- [What the task asks] The reply should hold every record, copied exactly, and none of the pictures.

[Collected data entries]
[Start of section]
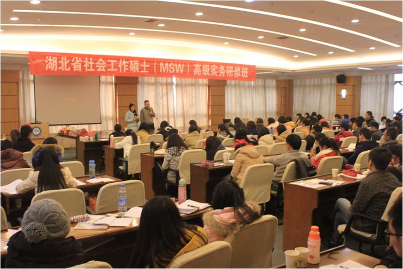 、华中科技大学、华中师范大学、华中农业大学、武汉科技大学、中南民族大学等六所高校的在校社会工作硕士参加了此次研修班。研修班在中南民族大学图书馆报告厅举行。
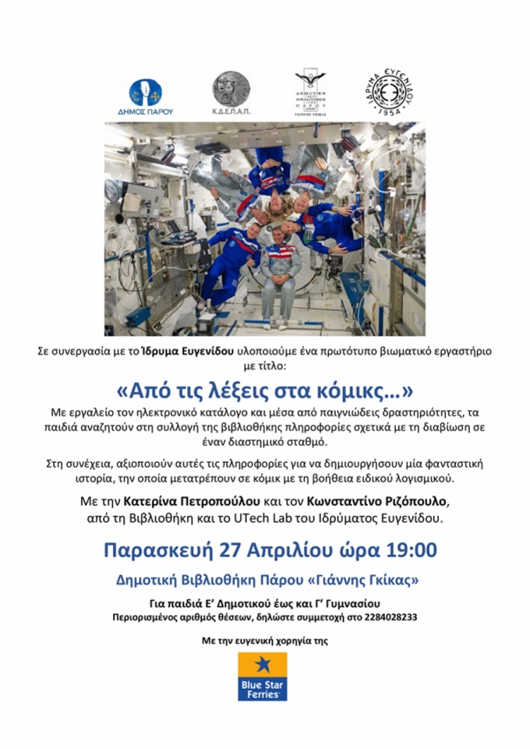 Η Δημοτική Βιβλιοθήκη Πάρου sε συνεργασία με το Ίδρυμα Ευγενίδου υλοποιούn ένα πρωτότυπο βιωματικό εργαστήριo με τίτλο: «Από τις λέξεις στα κόμικς…», την Παρασκευή 11 Μαΐου στις 19:00 στη Δημοτική Βιβλιοθήκη.
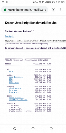 | Mozilla Kraken (мс, меньше — лучше) | 11323 | 15931 | 11431 | 16739 | 11910 |
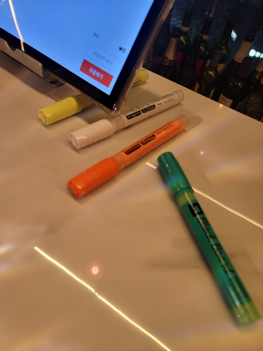 이렇게 테이블에 펜이 놓여져 있어요 ㅋㅋㅋ
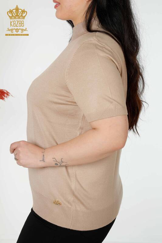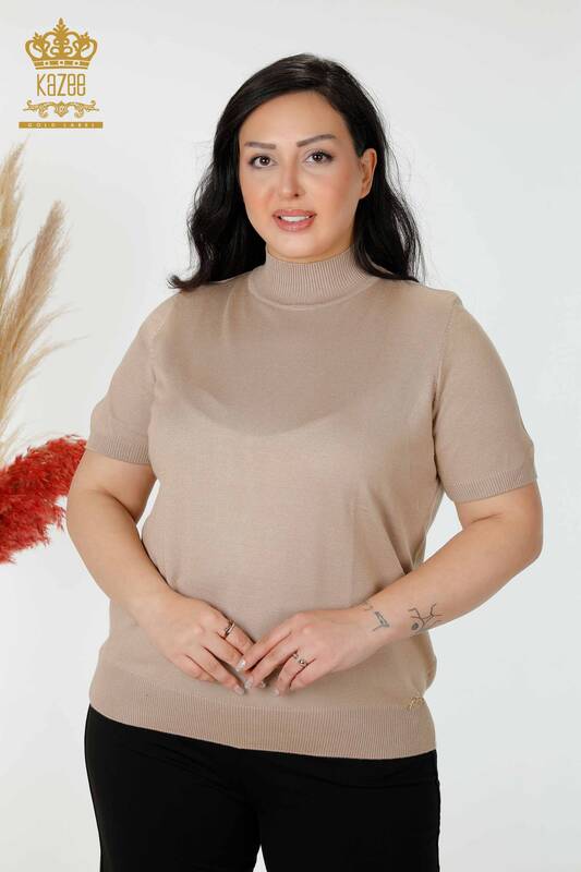 Toptan Kadın Triko Kazak Dik Yaka Viskon Koyu Bej - 16168 | KAZEE
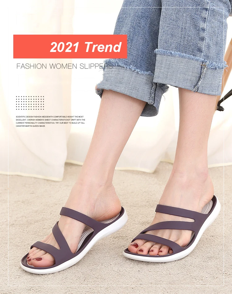 Тапочки женские для дома из ПВХ, плоская подошва, сланцы, дизайнерская обувь, лето 2021
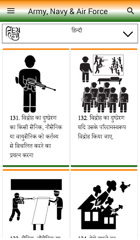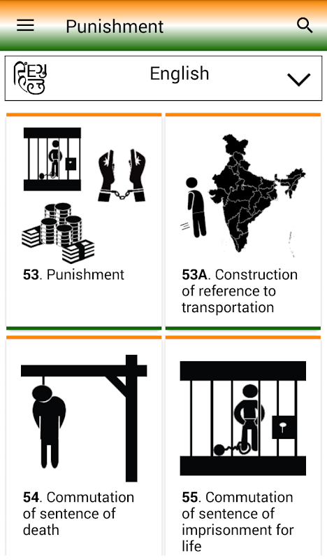 The app acknowledge about Indian Penal Code (IPC) 1860 in different Languages with pictorial action. The app consists of act title in various Languages :
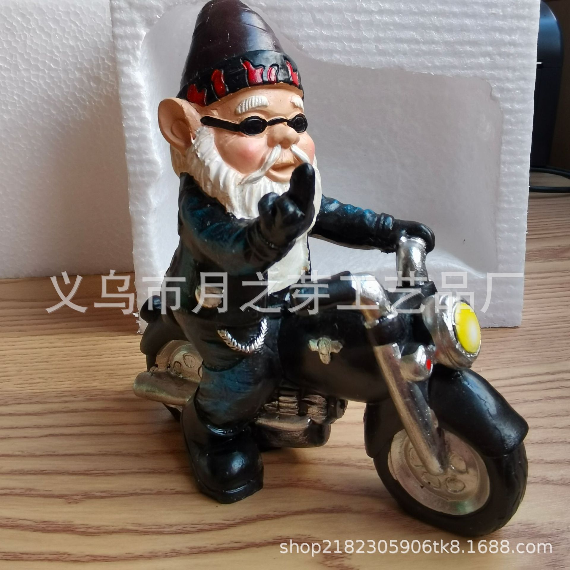 정원 난쟁이 동상 흰 수염 노인 승마 오토바이 난쟁이 장식품 야외 정원 재미있는 동상
[End of section]
- [Written solution]
 、华中科技大学、华中师范大学、华中农业大学、武汉科技大学、中南民族大学等六所高校的在校社会工作硕士参加了此次研修班。研修班在中南民族大学图书馆报告厅举行。
 Η Δημοτική Βιβλιοθήκη Πάρου sε συνεργασία με το Ίδρυμα Ευγενίδου υλοποιούn ένα πρωτότυπο βιωματικό εργαστήριo με τίτλο: «Από τις λέξεις στα κόμικς…», την Παρασκευή 11 Μαΐου στις 19:00 στη Δημοτική Βιβλιοθήκη.
 | Mozilla Kraken (мс, меньше — лучше) | 11323 | 15931 | 11431 | 16739 | 11910 |
 이렇게 테이블에 펜이 놓여져 있어요 ㅋㅋㅋ
 Toptan Kadın Triko Kazak Dik Yaka Viskon Koyu Bej - 16168 | KAZEE
 Тапочки женские для дома из ПВХ, плоская подошва, сланцы, дизайнерская обувь, лето 2021
 The app acknowledge about Indian Penal Code (IPC) 1860 in different Languages with pictorial action. The app consists of act title in various Languages :
 정원 난쟁이 동상 흰 수염 노인 승마 오토바이 난쟁이 장식품 야외 정원 재미있는 동상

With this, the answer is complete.